### Task to complete
Would you transcribe the entries below, beginning at the line with "香港海關昨日(八月三日)在葵" and ending after the line with "처음에는 과도한 운동을", exactly, with no picture and nothing more?

### Supplied records

>>>>>

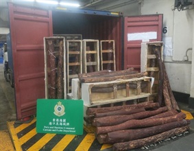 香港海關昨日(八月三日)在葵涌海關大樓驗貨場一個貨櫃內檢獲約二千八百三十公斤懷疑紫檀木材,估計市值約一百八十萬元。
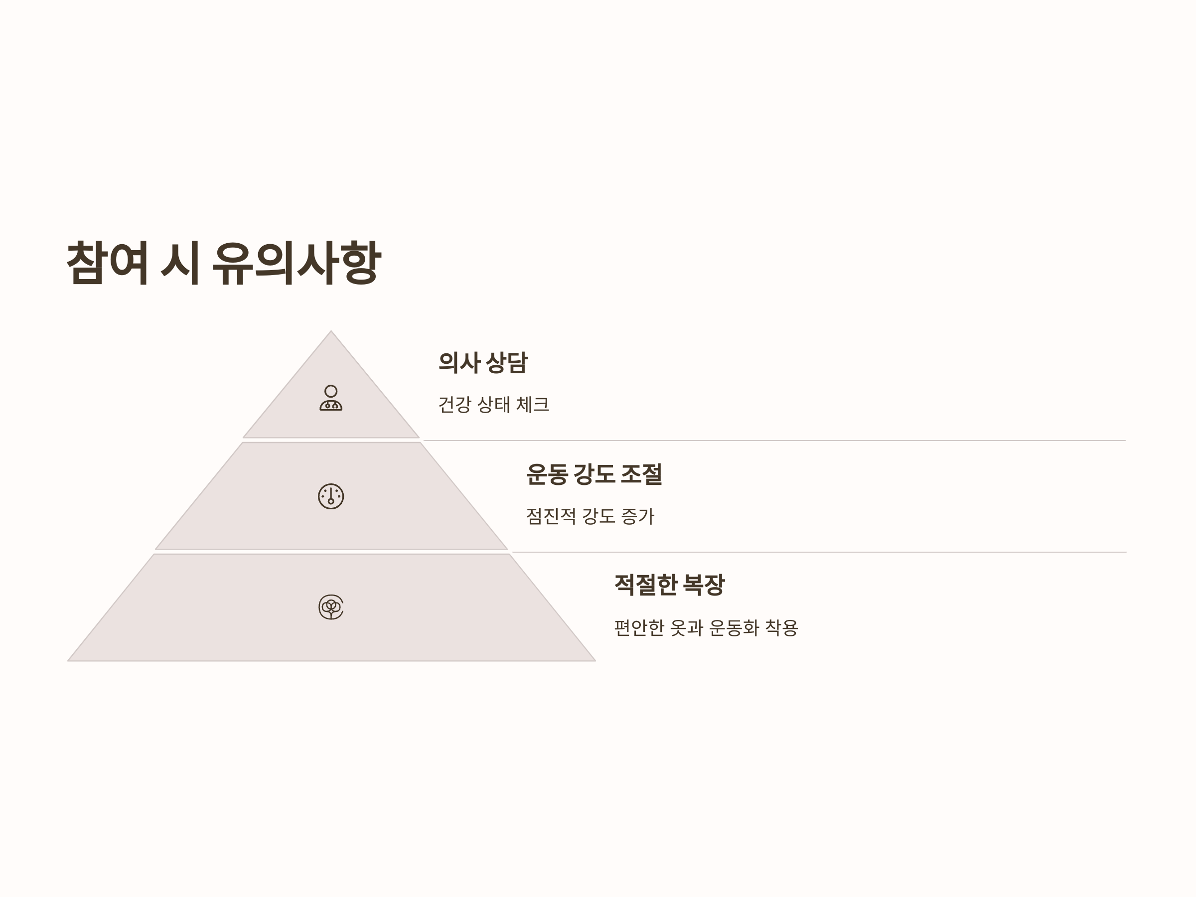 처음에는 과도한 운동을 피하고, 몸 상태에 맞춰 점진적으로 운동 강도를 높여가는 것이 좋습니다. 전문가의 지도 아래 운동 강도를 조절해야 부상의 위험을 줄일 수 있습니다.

<<<<<
>>>>>

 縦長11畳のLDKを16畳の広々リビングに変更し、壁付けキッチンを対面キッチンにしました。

<<<<<

### Reply
 香港海關昨日(八月三日)在葵涌海關大樓驗貨場一個貨櫃內檢獲約二千八百三十公斤懷疑紫檀木材,估計市值約一百八十萬元。
 처음에는 과도한 운동을 피하고, 몸 상태에 맞춰 점진적으로 운동 강도를 높여가는 것이 좋습니다. 전문가의 지도 아래 운동 강도를 조절해야 부상의 위험을 줄일 수 있습니다.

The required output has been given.